<<<<

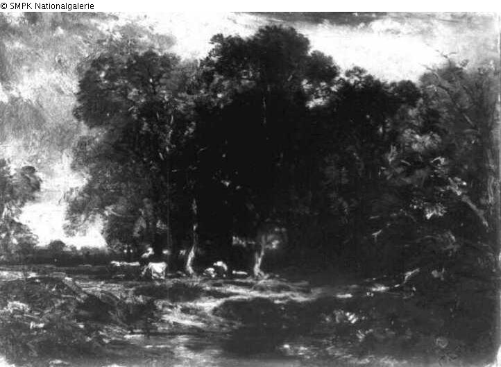 Tafelmalerei: Bild: Wald & Rindvieh & Wasserlauf
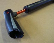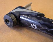 Blackburn have been making accessories like pumps, racks, lights, cages and tools for the last 30 years, and their experience clearly shows in the Air Stik mini pump. Blackburn were actually the first company to launch a dual stroke mini-pump, and the Air Stik CF is the companies latest such dual stroke pump. Dual stroke means, quite simply, that as well as air going into the tube on the push stroke, air also goes in as you extend the pump again. Very clever, and it means inflation times are a lot quicker than a traditional style pump.
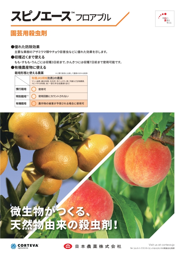 スピノエースフロアブルは有機農産物に使えます。
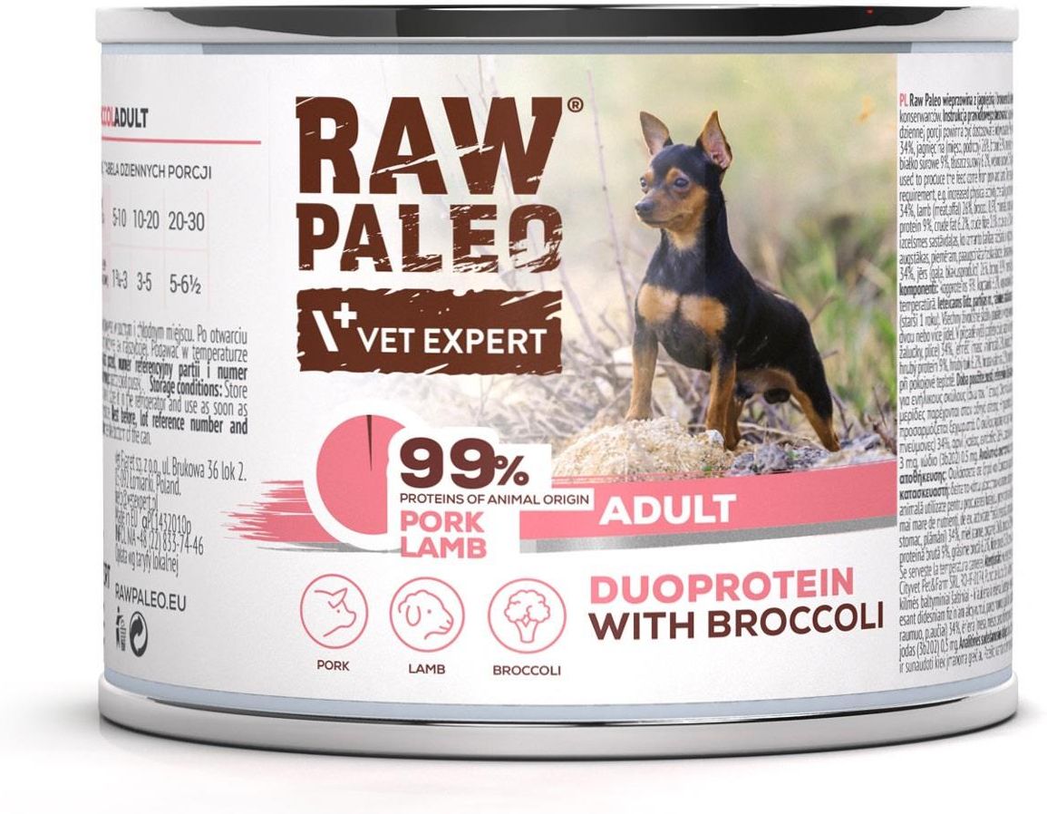 "Raw Paleo wieprzowina z jagnięciną i brokułem dla dorosłego psa to pełnoporcjowa karma dla psów dorosłych (powyżej 1. roku życia). Wszystkie składniki pochodzenia zwierzęcego użyte do wytworzenia karmy pochodzą z wieprzowiny i jagnięciny. Receptura nie zawiera zbóż (grain-free) ani konserwantów. …
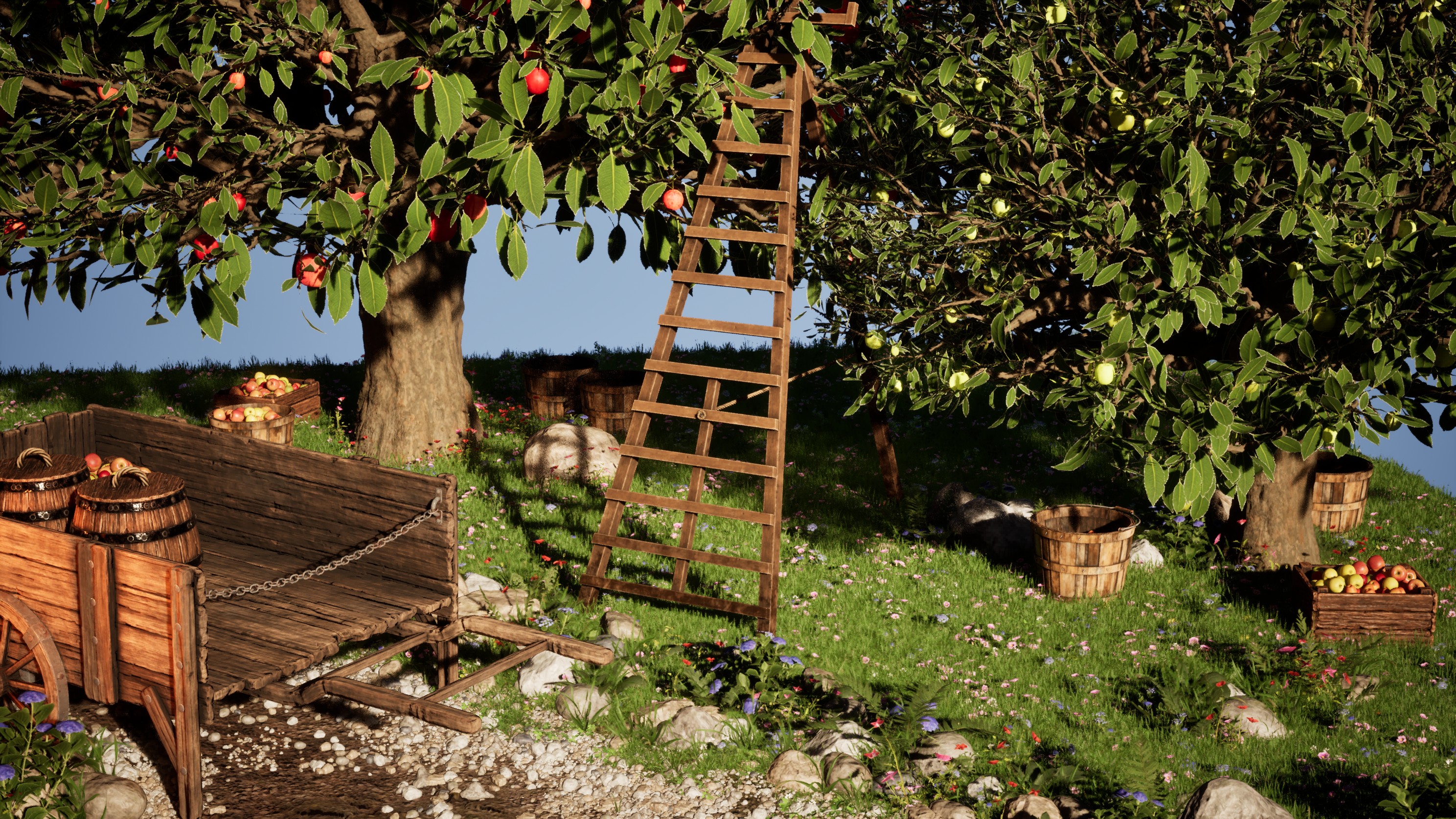 A little orchard scene where I practiced a full game-ready asset pipeline – from sculpt to final UE5 integration.
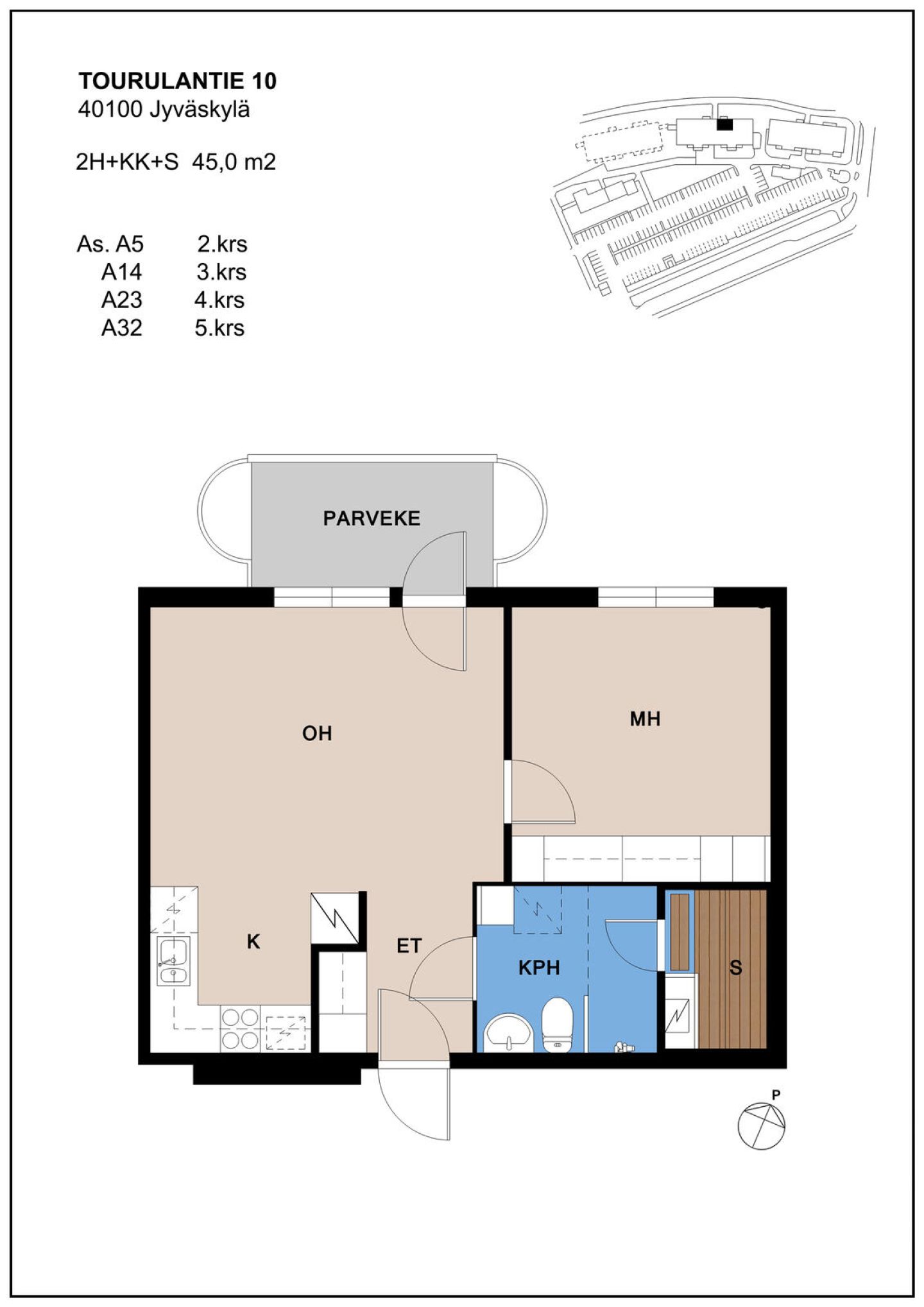 Tässä v. 2006 valmistuneessa kohteessa on yhteensä 40 toimivapohjaista saunallista huoneistoa, joiden koot vaihtelevat 36,5 m² yksiöstä 64 m² kolmioihin. Kaikissa huoneistoissa on parveke tai terassi (maantaso kerros). Huoneistoissa on myös vesikiertoinen lattialämmitys, joten patterit eivät haittaa sisustamista.

>>>>

- **Work item**
Everything in the records above should come back word for word, except the pictures.

- **Response below**
 Tafelmalerei: Bild: Wald & Rindvieh & Wasserlauf
 Blackburn have been making accessories like pumps, racks, lights, cages and tools for the last 30 years, and their experience clearly shows in the Air Stik mini pump. Blackburn were actually the first company to launch a dual stroke mini-pump, and the Air Stik CF is the companies latest such dual stroke pump. Dual stroke means, quite simply, that as well as air going into the tube on the push stroke, air also goes in as you extend the pump again. Very clever, and it means inflation times are a lot quicker than a traditional style pump.
 スピノエースフロアブルは有機農産物に使えます。
 "Raw Paleo wieprzowina z jagnięciną i brokułem dla dorosłego psa to pełnoporcjowa karma dla psów dorosłych (powyżej 1. roku życia). Wszystkie składniki pochodzenia zwierzęcego użyte do wytworzenia karmy pochodzą z wieprzowiny i jagnięciny. Receptura nie zawiera zbóż (grain-free) ani konserwantów. …
 A little orchard scene where I practiced a full game-ready asset pipeline – from sculpt to final UE5 integration.
 Tässä v. 2006 valmistuneessa kohteessa on yhteensä 40 toimivapohjaista saunallista huoneistoa, joiden koot vaihtelevat 36,5 m² yksiöstä 64 m² kolmioihin. Kaikissa huoneistoissa on parveke tai terassi (maantaso kerros). Huoneistoissa on myös vesikiertoinen lattialämmitys, joten patterit eivät haittaa sisustamista.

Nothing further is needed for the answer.